E os italianos? Bem os italianos vinham de navio e não havia previsão de sua chegada. Finalmente chegaram e eu fui ao porto assistir ao desembarque. Eis que para delícia dos colegas repórteres internacionais, um grupo de jovens vestindo camisas e bermudas caquis, meias três quartos com pompons no elástico e um chapéu alpino de feltro onde um enorme penacho cor de vinho chamava vivamente a atenção. Marchavam correndo, com o ritmo marcado por uma corneta insistente. A cena se completou com o desembarque de dois blindados e um jipe pintados de cor de rosa.

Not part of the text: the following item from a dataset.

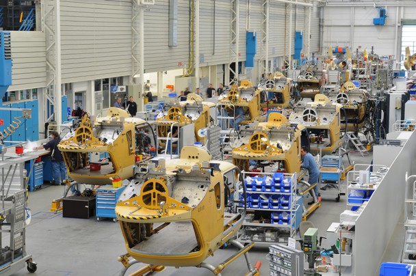 Fotografía: Línea de ensamblaje de H135 en la localidad alemana de Donauwörth (foto Charles Abarr/Airbus Helicopters).
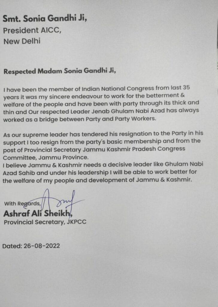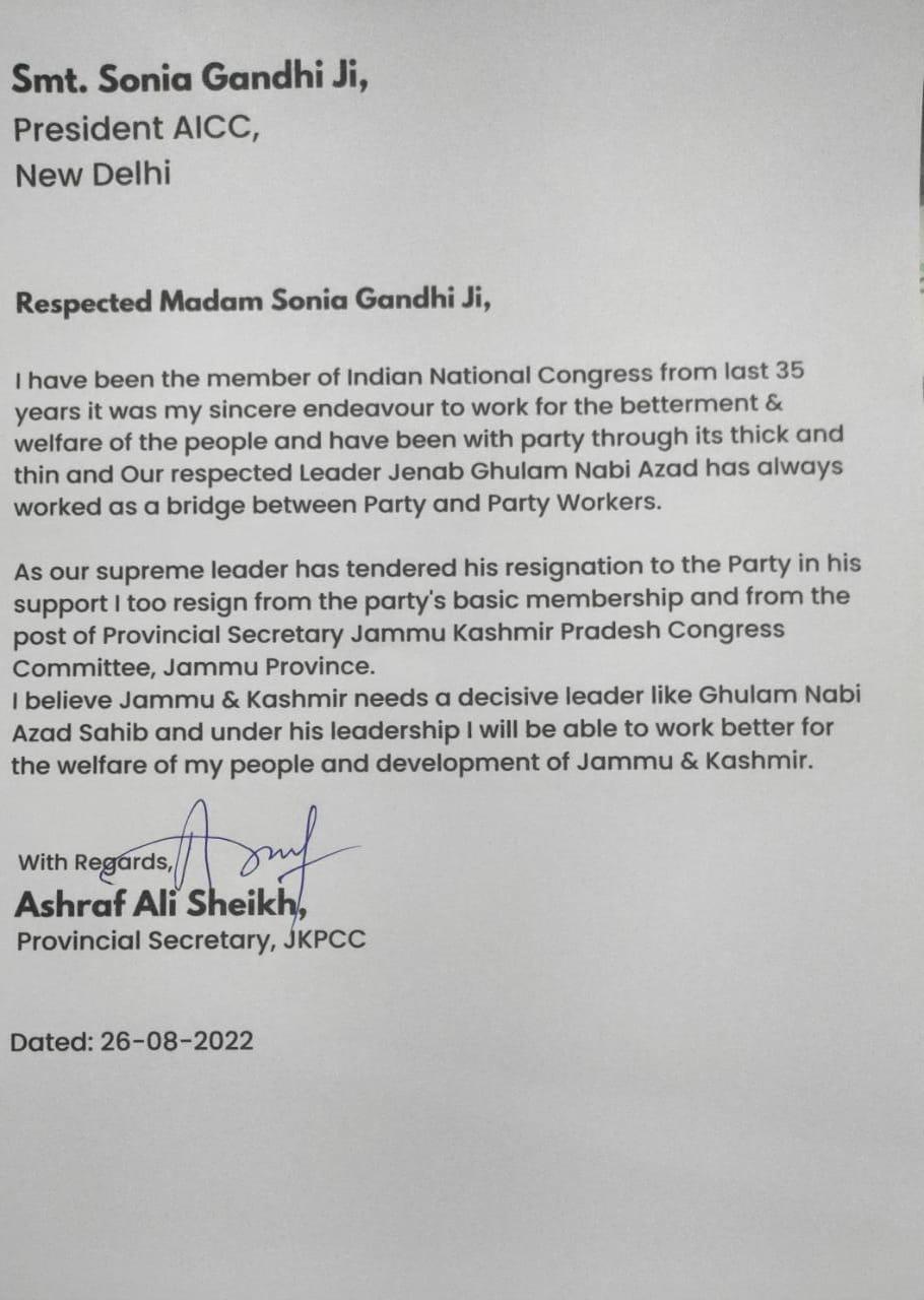 HomeNationalBig Jolt to Congress; Ashraf Ali resigns in support of Azad National Big Jolt to Congress; Ashraf Ali resigns in support of Azad By Himalayan Express August 27, 2022 103 Share FacebookTwitterPinterestWhatsAppEmailPrintTelegram Share FacebookTwitterPinterestWhatsAppEmailPrintTelegram Previous article5 ex-MLAs, Several leaders resign from Primary membership of CongressNext articleIndia reports 9,520 new COVID-19 cases RELATED ARTICLES International Main Accused Arrested in Firing on Car of Lawyer Linked to Lawrence Bishnoi in Delhi March 3, 2026 Jammu Global Oil Prices Surge 9% Amid US–Israel Strikes on Iran; Retail Fuel Prices in India Likely to Remain Stable March 3, 2026 National Govt Asks States To Keep Eye On Pro-Iran Radical Preachers Delivering Inflammatory Sermons March 2, 2026 LEAVE A REPLY Cancel reply Comment: Please enter your comment! Name:* Please enter your name here Email:* You have entered an incorrect email address! Please enter your email address here Website: Save my name, email, and website in this browser for the next time I comment. - Advertisment - Most Popular P V Sindhu Returns Home After Being Stranded in Dubai, Pulls Out of All England Championships March 3, 2026 Main Accused Arrested in Firing on Car of Lawyer Linked to Lawrence Bishnoi in Delhi March 3, 2026 Global Oil Prices Surge 9% Amid US–Israel Strikes on Iran; Retail Fuel Prices in India Likely to Remain Stable March 3, 2026 Govt Asks States To Keep Eye On Pro-Iran Radical Preachers Delivering Inflammatory Sermons March 2, 2026 Load more Recent Comments

Naquela noite, um simpático coronel, acho que Andreoli era o nome dele, me recebeu para uma entrevista no acampamento. Muito gentil, ele me serviu um pouco de spaghetti ao pesto e um copo de um Amarone, o militar italiano surpreso me dizia que raramente era demandado pela imprensa, notadamente a internacional, ainda que me reconhecia como um patrício. Na época eu escrevia para a IstoÉ e para a Panorama do grupo Mondadori.
- Coronel, o pau aqui está comendo. E nós chegamos 21 dias depois, com tanques cor-de-rosa e com berzaglieri alpinos? - perguntei.
O bom coronel não se abalou nem com o tom da minha pergunta. Riu, me ofereceu mais um gole de Amarone, aliás excelente, e iniciou uma aula:
- As pessoas assistem muito cinema. Acham que todos os soldados devem ser como Rambo, ou como os mariners americanos que são formados para matar. Nós somos italianos. Estamos aqui para estabelecer a paz. Não para fomentar a guerra. Não somos um povo guerreiro. Nossa história mostra que nossa preocupação é a arte, a ciência e o pensamento. Fique tranquilo, não vamos fazer feio.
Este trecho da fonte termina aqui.